In 1975, the [James Bay and Northern Quebec Agreement] between the Crown and the indigenous people in Canada was the first leading agreement since the numbered treaties of the 19th and early 20th centuries. From 1973 to 1975, this agreement was negotiated and on November 11, 1975, it was signed. As specified in the agreement, the Aboriginal people traded their rights and territorial interests for different rights and benefits. Special membership was insisted by the Aboriginal people to allow them to take charge in their local and regional government, The creation of their own health and school boards, measures for economic and community development, special regimes for police and justice and environmental protection.

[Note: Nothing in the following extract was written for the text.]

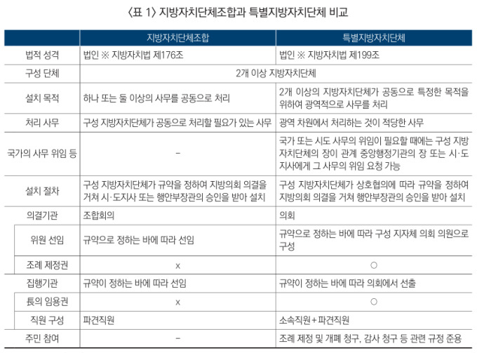 지방자치단체조합과 특별지방자치단체 비교 [자료=산업연구원] 2026.02.09 rang@newspim.com

The agreement allowed them to gain a technical definition of the La Grande Project which included limitations on water levels and a remedial works corporation for social, environmental damages, and relocation of the first dam. In the agreement, the land was divided into three categories. The first category of land is controlled mainly by the residents in and around the aboriginal communities. The second category known as crown land is used as hunting, fishing, and trapping territories shared between the Cree and Inuit. Lastly, the third category of land is used for traditional hunting and harvesting which was designated exclusively for Aboriginal people to use.

==Demographics==
===Languages===
There are mainly two languages in Wemindji, which are Cree and English.

==Arts and culture==
Cree have always identified themselves as iIyiyuuch which means "the people". The Cree have continued practising their traditional way of hunting, trapping and fishing. Parts of Wemindji's populations still lives off the land year round.

==Government==
Wemindji is one of the nine Cree First Nations communities of the Cree Nation of Eeyou Istchee. The Cree Nation live on the land of Eeyou Istchee, which means people's land. The people call themselves “Eeyou”. Along with their 11 Cree communities, there are over 300 traditional family hunting and trapping grounds which they call “traplines”. Each of the Cree First Nations communities have their own different and individual history. Every community through their local government is administered independently, while Cree Nation issues are discussed by the elected chiefs on the board of directors of the Grand Council of the Cree and the Council of the Cree Nation Government.

==Infrastructure==
The Cree Board of Health operates the clinic within the Cree Nation of Wemindji. The clinic provides services a variety of programs such as the awash (child) program, the uschinisuu (youth) program, chishayiuu (elder) program, Multi Service Day Centre (MSDC), Physiotherapy, Psycho-education, Nutritionist, Youth protection, Dental Services, Administration.

==Education==
The Cree School Board is a regional entity that presents all nine Cree communities. In Wemindji, the Cree School Board operates the Maquatua Eeyou School (ᐧᒫᑯᐧᑖᐤ ᐄᔨᔨᐤ ᒋᔅᑯᑎᒫᑑᑭᒥᒄ)/ Joy Ottereyes Rainbow Memorial School. The Maquatua Eeyou School is a high school and the Joy Ottereyes Rainbow Memorial School is an elementary school. The high school and elementary school have an emphasis on teaching the Cree language. English is the second language within both of the institutions.